No.2 5点 パメル 2025/06/14 19:25
物語は夏美が自殺を決意し、ネットで知り合った三人とともに車で山へ向かい、山中で練炭自殺を試みようとするところから始まる。四人はそれぞれに複雑な背景を持ち、当初は互いに反発し合う。夏美は「サークルクラッシャー」と呼ばれ、コミュニティを破壊してきた過去を持つ。長谷部は会社を倒産させ、借金に追われた元経営者。千代子はコロナ禍でスナックを営み、クラスターを発生させた責任を負っている。陸斗は謎めいた高校生で、冷静な策略家。

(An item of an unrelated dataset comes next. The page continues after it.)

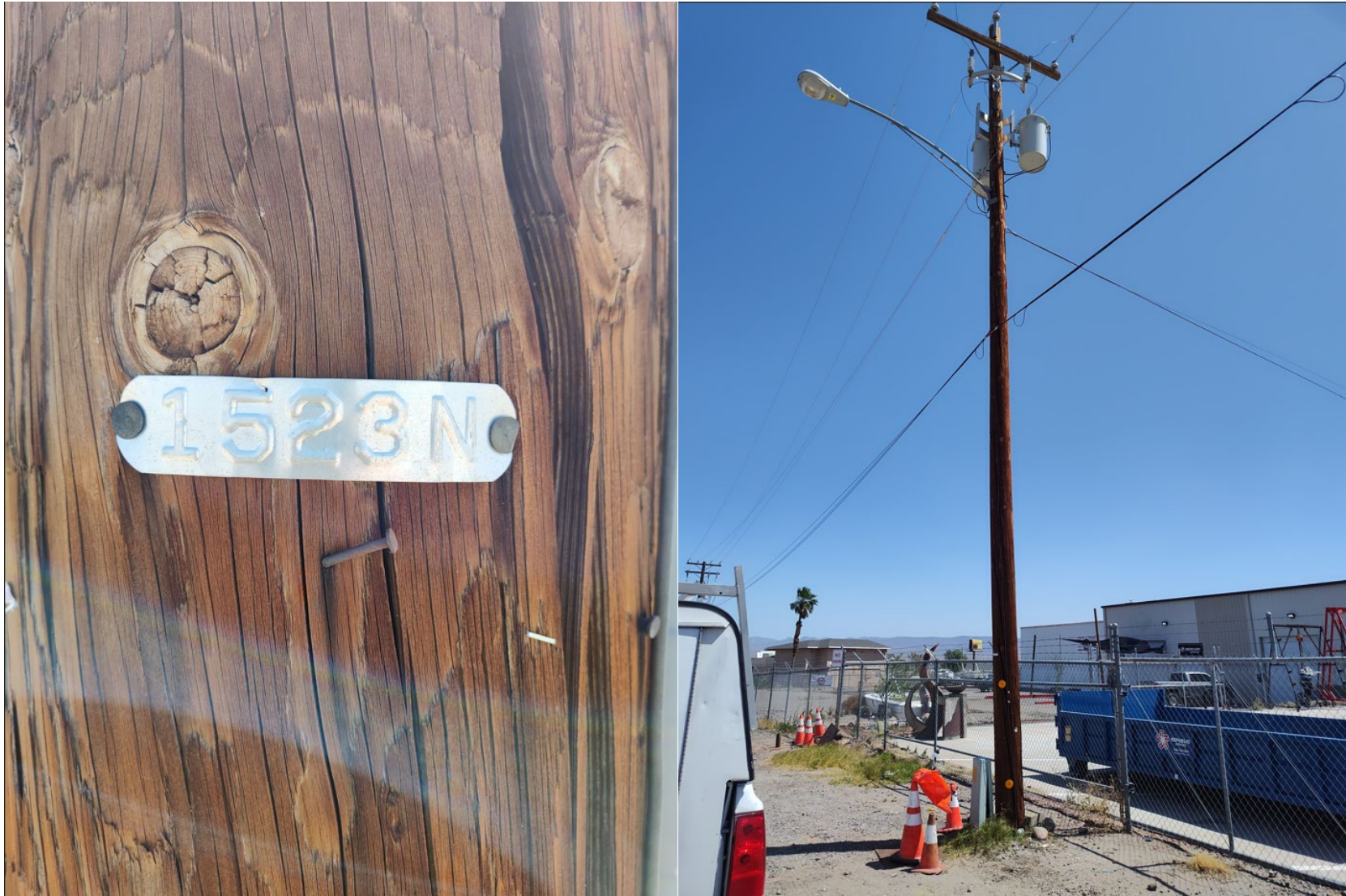
POLE #6: 1523N

やがて、彼らのいる山中の近くに車が現れ、しばらくして去った後、森の奥から赤ん坊の泣き声が。赤ん坊を発見した四人は、自殺を先送りし小さな命を助けようと考える。ところが母親を名乗る女性が、SNSに赤ん坊を誘拐されたと投稿した動画により、誘拐犯の汚名を着せられる。
本作はSNS社会の危うさや「正義」の暴走を描きながら、人身売買組織の闇にも迫る。四人は単なる被害者ではなく、逆にSNSを利用して反撃するなど、知恵と機転で戦う姿勢が痛快。終盤の組織の正体が明かされる展開は、伏線が巧みに回収されている。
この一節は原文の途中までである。